WORK ORDER —
Restate word for word the lines between the start of the material and the line with "PLAYS WELL WITH", keeping both of those ends and none of the pictures.

─── DATA SECTION

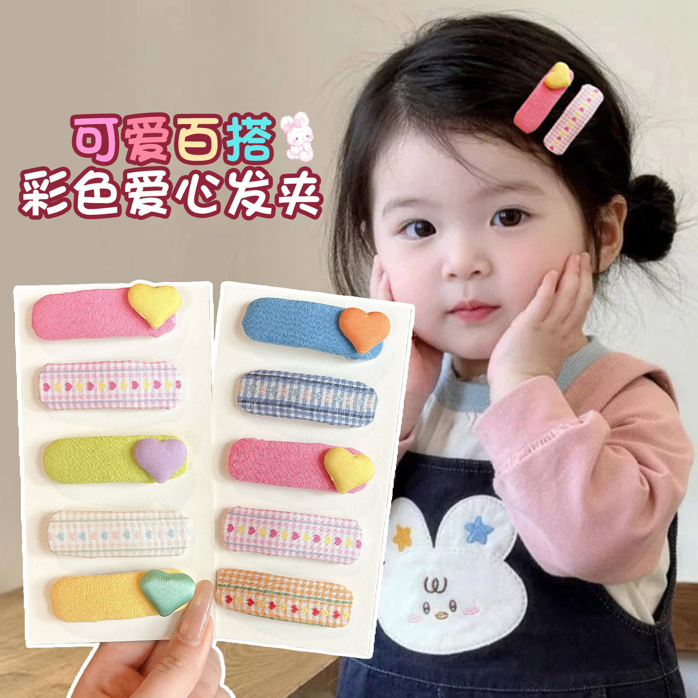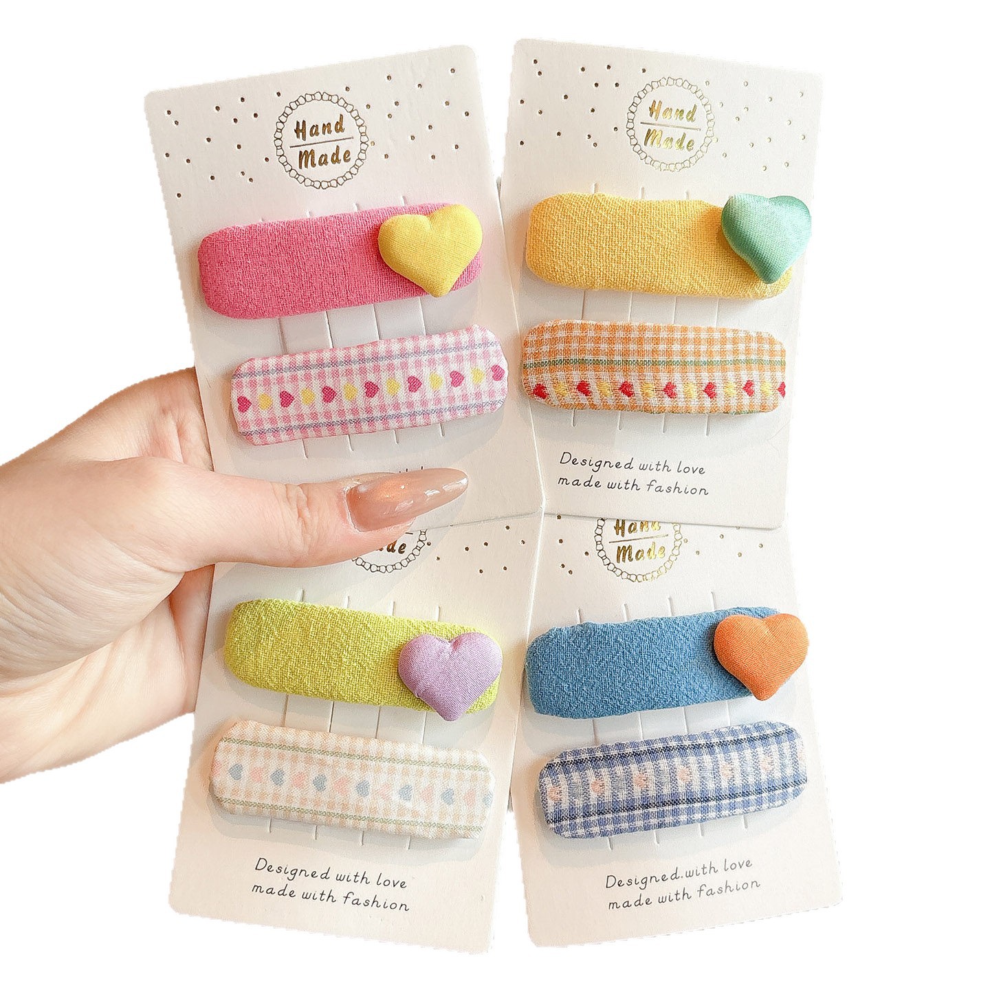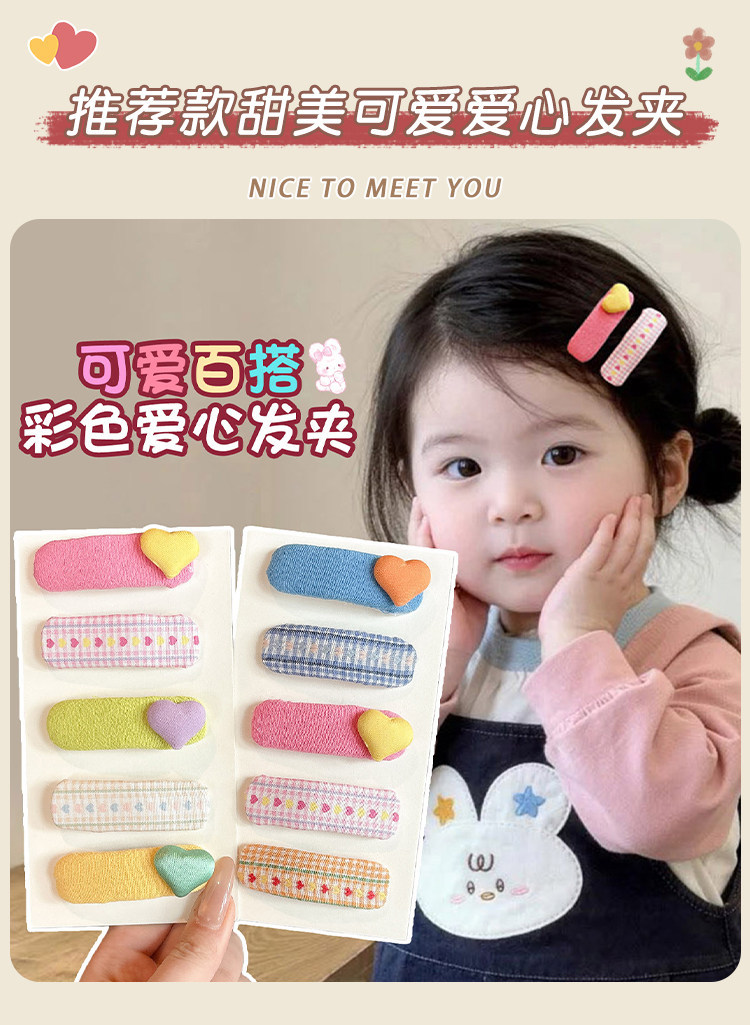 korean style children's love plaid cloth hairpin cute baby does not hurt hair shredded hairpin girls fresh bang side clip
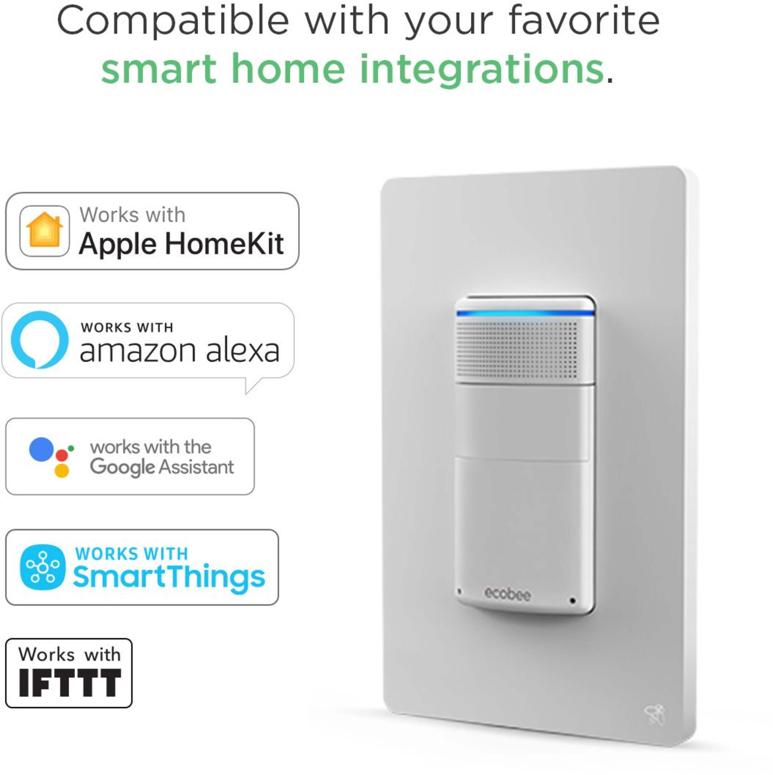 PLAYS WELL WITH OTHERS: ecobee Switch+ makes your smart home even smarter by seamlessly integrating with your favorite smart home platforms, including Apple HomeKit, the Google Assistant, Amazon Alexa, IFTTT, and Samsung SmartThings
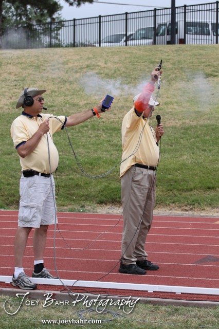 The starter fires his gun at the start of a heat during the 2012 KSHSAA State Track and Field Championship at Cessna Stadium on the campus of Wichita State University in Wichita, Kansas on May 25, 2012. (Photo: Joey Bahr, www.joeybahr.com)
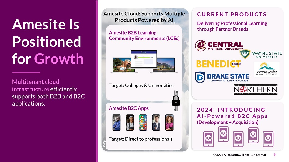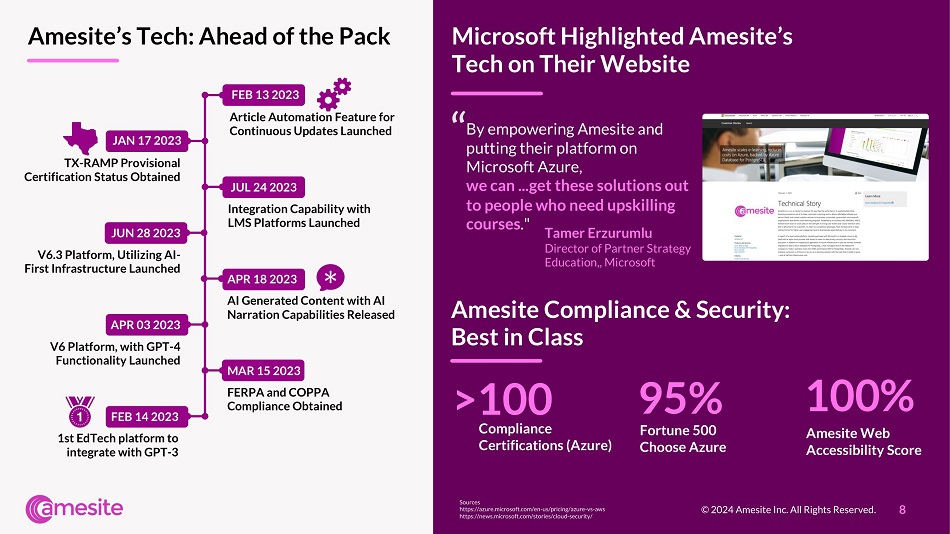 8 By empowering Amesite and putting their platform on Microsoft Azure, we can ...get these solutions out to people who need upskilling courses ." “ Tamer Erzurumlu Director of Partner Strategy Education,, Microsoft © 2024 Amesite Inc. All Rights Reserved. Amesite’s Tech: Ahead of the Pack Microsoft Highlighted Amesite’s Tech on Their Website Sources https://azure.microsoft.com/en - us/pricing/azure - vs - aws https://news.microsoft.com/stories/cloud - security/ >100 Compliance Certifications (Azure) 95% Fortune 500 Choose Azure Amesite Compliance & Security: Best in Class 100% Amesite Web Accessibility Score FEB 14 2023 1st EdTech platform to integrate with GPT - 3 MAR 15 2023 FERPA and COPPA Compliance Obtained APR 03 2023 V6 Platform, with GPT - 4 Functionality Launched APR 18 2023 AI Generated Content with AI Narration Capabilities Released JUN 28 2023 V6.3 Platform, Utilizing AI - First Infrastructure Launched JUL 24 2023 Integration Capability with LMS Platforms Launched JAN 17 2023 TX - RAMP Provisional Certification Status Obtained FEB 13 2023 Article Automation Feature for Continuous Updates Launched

──────

RESPONSE —
 korean style children's love plaid cloth hairpin cute baby does not hurt hair shredded hairpin girls fresh bang side clip
 PLAYS WELL WITH OTHERS: ecobee Switch+ makes your smart home even smarter by seamlessly integrating with your favorite smart home platforms, including Apple HomeKit, the Google Assistant, Amazon Alexa, IFTTT, and Samsung SmartThings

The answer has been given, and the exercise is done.